Heart of Fire (also known by its original German name, Feuerherz) is a 2009 German docudrama directed by Luigi Falorni.[1] The film was inspired by the best selling book of German singer Senait Ghebrehiwet Mehari of the same name. The film was released on September 25 (Germany) and October 10 (United Kingdom, Italy, Eritrea).

Plot[edit]

Awet (Letekidan Micael) is born the daughter of an Eritrean man and an Ethiopian woman - a bad combination in 1974, in the middle of a long liberation war between the two peoples. Asmara is under Ethiopian occupation, and Awet's father takes to the woods with the Eritrean freedom fighters. Left alone and needy, Awet's mother attempts to kill her, locking it away in a suitcase. Awet survives and is taken to a Catholic orphanage ran by Italian and Eritrean nuns. It is during her time in the orphanage that Awet begins to first perceive the injustice all around her, and gradually learns to stand up for her beliefs. Six years later, her father - whom she believed lost - takes her away to live with his new family. But Awet is not welcome; her father torments her and finally gives her and her elder stepsister to the “Morning Stars” - a children's unit within one of Eritrea's liberation armies, the Eritrean Liberation Front, also known as Jebha.

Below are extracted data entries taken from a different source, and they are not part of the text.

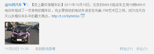 这可能是MINI E全球实路测试中都少见的事件——北京的小E车主组成了一只婚车队,为一位MINI E车主的婚礼游走京城!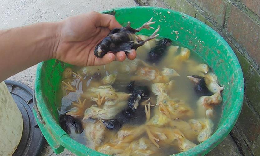 Kuikens die te klein zijn of afwijkingen vertonen zijn waardeloos voor de sector en worden afgemaakt in de broeierij. Hun nek wordt gebroken op de rand van een krat, of ze worden verdronken in een emmer water. Een aantal kuikentjes blijft achter in de kratten met lege eierschalen. Deze dieren belanden in de afvalcontainer waar ze sterven door gebrek aan voedsel en zorg.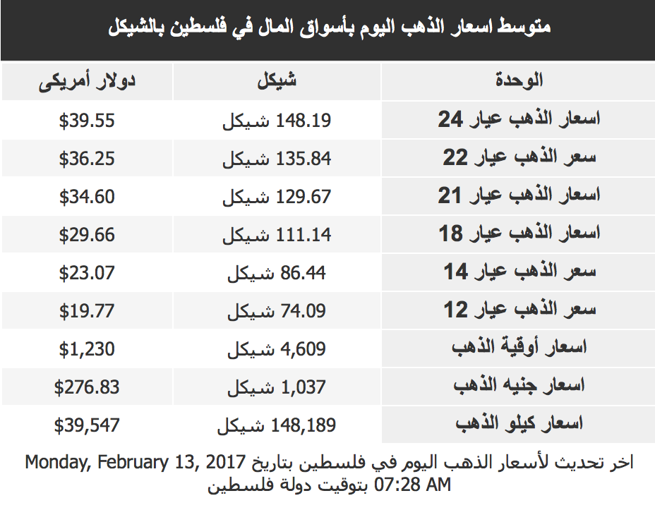 رام الله - الاقتصادي - جاءت أسعار جرام الذهب وفق كل عيار (24, 22, 21, 18, 14, 12)، في السوق الفلسطينية لليوم الإثنين، على النحو التالي:

It's here that Awet finds a new family and a mother substitute in the commander Ma'aza: a beautiful and charismatic young woman who has made her way to one of the leading positions, typically occupied by men. Awet falls for her, and tries anything to catch her attention and win her favour. She endures paramilitary training and the harshness of guerrilla life in the dry Eritrean desert, waiting for the moment she’ll fight at the commander’s side. But then Awet encounters the first dead bodies: enemies and comrades lying side by side. In her eyes, the dead friends and foes all look shockingly alike - children like her. So when Ma'aza gives her the long-desired Kalashnikov, Awet shirks the drill and pretends to shoot, but with an empty magazine; she even buries her gun. She gets punished, mocked as a coward and isolated. But her refusal to kill and her naïve questioning set a troublesome precedent - a challenge to Ma'aza’s authority.

Meanwhile losses to the enemy - the Eritrean People's Liberation Front or Shabia - increase and the enemy tightens the circle. A few of Awet’s comrades are caught while fleeing and are killed at Ma'aza’s command. In a final clash with the enemy, the commander calls her fighters to the last sacrifice. But Awet takes control of her destiny this time. She confronts Ma'aza and finally leaves her former idol to her fate. While the troops are breaking apart, Awet is able to save herself and her stepsister - hiding in an abandoned suitcase.

Cast[edit]

Reception[edit]

Heart of Fire received generally positive reviews; on Rotten Tomatoes, the film holds an 83% 'fresh' rating, with the consensus "beautifully shot and emotionally engaging".[2] It was nominated for the International Film Critics Award at the 2010 Los Angeles International Film Festival. However, the film has caused a lot of controversy and has come in for considerable criticism as to accuracy. The Eritrean government has attacked the film producers and author Senait Mehari, denying that there were child soldiers involved during the war for independence.